We talk so much about the body’s stabilizer muscles that it implies that the ultimate goal is stability. Yet, stable is not the word I’d use to describe the feeling that you get when you are working appropriately in a Pilates exercise or yoga posture.
The feeling you want in your body during a practice is not like concrete, firm and solid. It is, instead, more like a suspension bridge. It sways a bit in one direction, then the forces pull it back into another direction, keeping it centered.
An episode of John Leinhard’s “Engines or our Ingenuity” made clear my error in symantics.
The other side of instability is “equilibrium.” It is the loss of equilibrium that makes us fall. The presence of equilibrium keeps us ready to respond appropriately to forces or challenges.
In short, it’s not stability we seek, but “equilibrium.” And not even a stable equilibrium, but an unstable equilibrium.
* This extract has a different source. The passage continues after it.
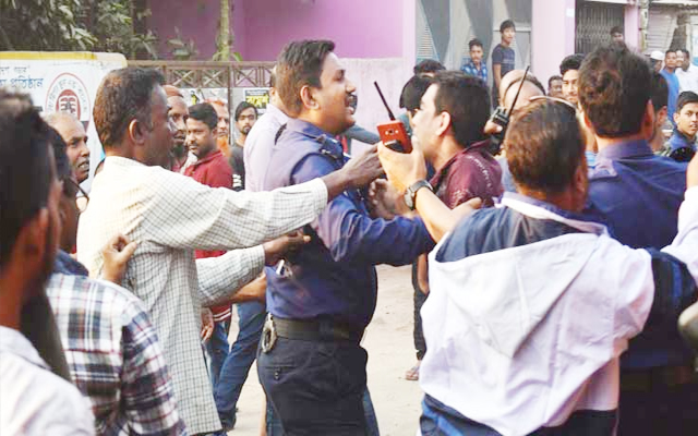 বিআরটিসির শ্রমিকরা জানান, বিকেল ৪টার দিকে দিনাজপুর জেলা সড়ক পরিবহন মালিক গ্রুপ ও জেলা মোটর পরিবহন শ্রমিক ইউনিয়নের নেতাকর্মীরা বাস চলাচলে বাধা দিতে এসে সুপারভাইজার আসাদুজ্জামান ও নিরাপত্তাকর্মী বাবুল মিয়া, সলিম ইসলামকে মারধর করেন।

As Lienhard put it, “A healthy equilibrium is one that rides instabilities. A little girl on roller skates, the man in the hand-glider, a person who can lose one job and find the next.”
A stable equilibrium, he explained, is like a marble in a V-shaped groove. If you jiggle it, it will fall back to the bottom. It is in an “uninteresting rut.”
When our bodies are in a rut, we wear out joints, overusing one area while letting another dry up. We open ourselves to pain and discomfort.
Even in life, sometimes I feel like we’re looking for a rut – a stable path on which we’ve traveled before and know what’s going to be around the bend. But even familiar paths have a way of changing on us, forcing us to find equilibrium.
My mother, who was always the healthiest person in the family – at 78, she took no medicines, had no conditions, saw no doctors. Then suddenly she’s diagnosed with cancer and we all have to adapt.
In equilibrium we fly like helicopters, always managing and adjusting to the forces around us to stay aloft.
And we need to maintain that equilibrium as effortlessly as possible, maintaining our energy reserves, so we can be ready for that next tightrope that we may have to walk.